The supply chain for perishable goods is absolutely nothing like running a gym, which is nothing like the supply chain for a digital marketing operation. When you're working with fresh Hatch chile, you're dealing with seasonality, shelf life, refrigeration, shipping speed, and perishability. Every single day that passes between harvest and delivery matters. Your entire business model has to account for the fact that your product degrades. That leads to a specific set of constraints and opportunities that simply don't exist in the other two businesses. A gym membership doesn't spoil. Fish can be frozen, but there's still complex logistics around keeping it cold and shipping it fast. The business dynamics of something that lasts forever versus something that lasts days are so fundamentally different that the lessons from one barely apply to the other.
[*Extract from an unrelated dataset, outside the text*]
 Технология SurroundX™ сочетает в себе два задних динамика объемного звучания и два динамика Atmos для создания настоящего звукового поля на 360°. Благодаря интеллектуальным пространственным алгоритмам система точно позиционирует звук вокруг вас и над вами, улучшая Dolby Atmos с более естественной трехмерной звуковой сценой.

Similarly, seasonal business versus recurring revenue are two completely different economic models. The Hatch Chile Store lives and dies by the autumn harvest season. It's brutal and concentrated and then quiet. You either prepare and execute perfectly during those two months, or you don't. Bionic Barbell, by contrast, runs on recurring revenue. Gym memberships are predictable. They're monthly. They're sticky (once people show up and get results, they stay). The business model is almost the inverse — you want smooth, predictable, compounding membership growth. You don't care about seasonal spikes because you don't get them. This is a fundamental difference in how you build the business, how you staff it, how you fund it, and how you measure success. The lessons from one don't transfer because the underlying economic structure is different.
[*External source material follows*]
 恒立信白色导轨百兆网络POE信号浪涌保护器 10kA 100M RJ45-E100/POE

And then there's the difference between physical, B2C products and digital services. The Hatch Chile Store and Bionic Barbell are both physical products delivered to local or national customers. But one requires a building, employees, equipment, and local market penetration. The other is global and digital. When I work on Popsie Fish Company, I'm thinking about conversion rate optimization, SEO, email automation, and paid ad performance. These are skills I've had to develop separately because they're genuinely different from managing gym operations or agricultural supply chains. The digital marketing skills do transfer between Hatch Chile Store and Popsie, and that's been useful. But neither of those prepare you for the specific challenges of running a brick-and-mortar operation like a gym.
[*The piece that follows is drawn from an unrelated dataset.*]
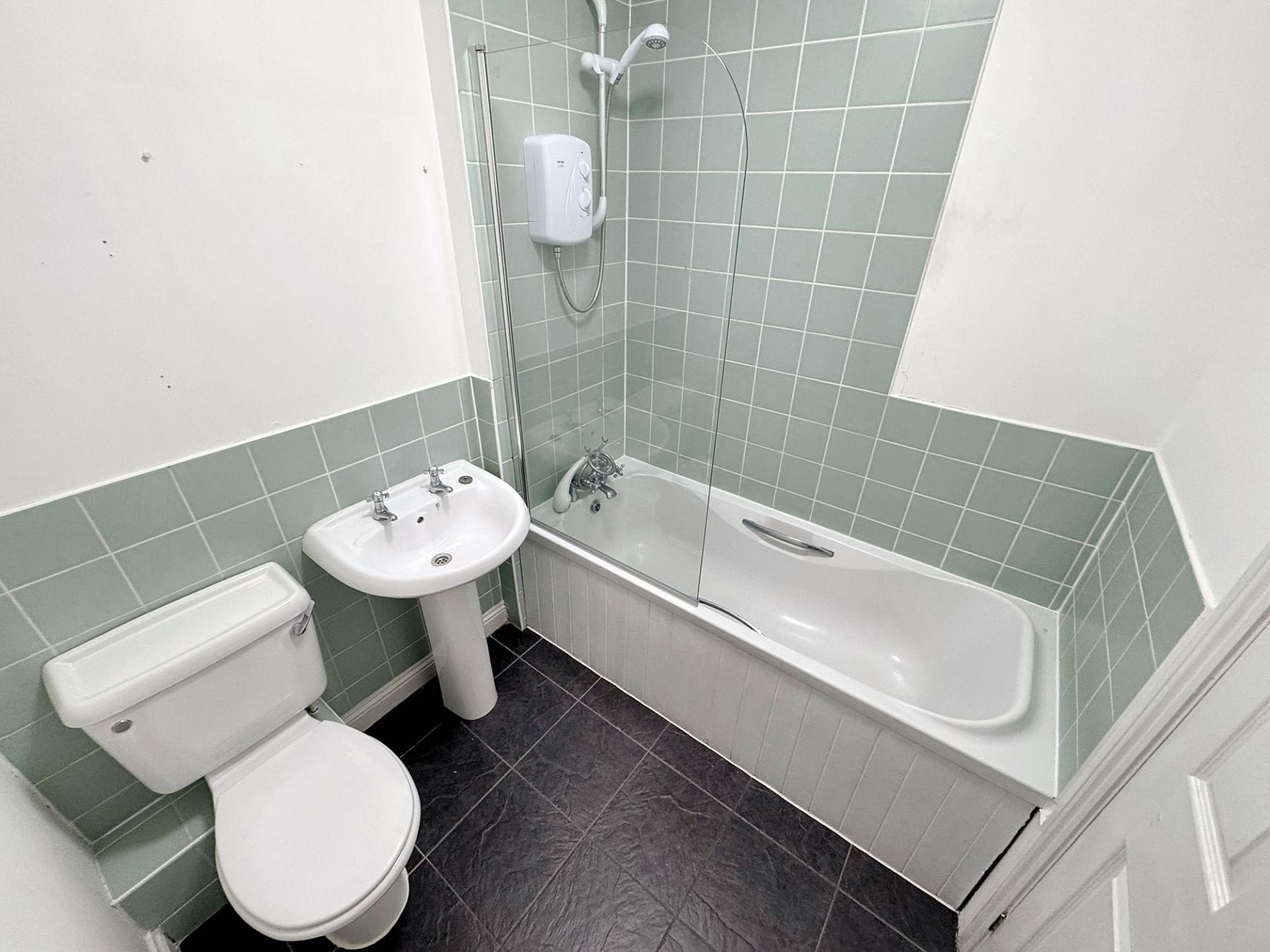- Modern Bathroom – White suite with shower-over-bath, tiled finish, and extractor fan.

The deeper lesson here is that I've learned to be careful about which lessons I borrow. When someone tells me "here's how successful gyms scale," I listen carefully, but I'm skeptical about applying it to the chile store without thinking. When I read about e-commerce best practices, I don't automatically assume they work for a local gym. I've learned to ask: does the underlying economic model apply here? Does the customer relationship look the same? Do we have the same constraints? Are we dealing with the same time scales?

Running businesses across three different industries has made me a more humble operator. I know that expertise in one space doesn't guarantee success in another. But it's also made me a more effective operator, because I've learned where to trust my instincts and where to stay curious. The customer obsession, systems thinking, financial rigor, and marketing fundamentals that I've built in agriculture and fitness apply just as much in digital marketing. But the specific playbooks, the operational details, and the constraints are different enough that I have to stay flexible.

I think that balance — knowing which lessons transfer and which don't — is what separates entrepreneurs who can run one successful business from entrepreneurs who can run several. And based in Las Cruces, operating across agriculture, fitness, and digital marketing, that's the skill I keep trying to sharpen. The goal isn't to become an expert in every industry. It's to become expert at knowing which expertise actually transfers, and having the discipline to learn the new things when you move into unfamiliar territory.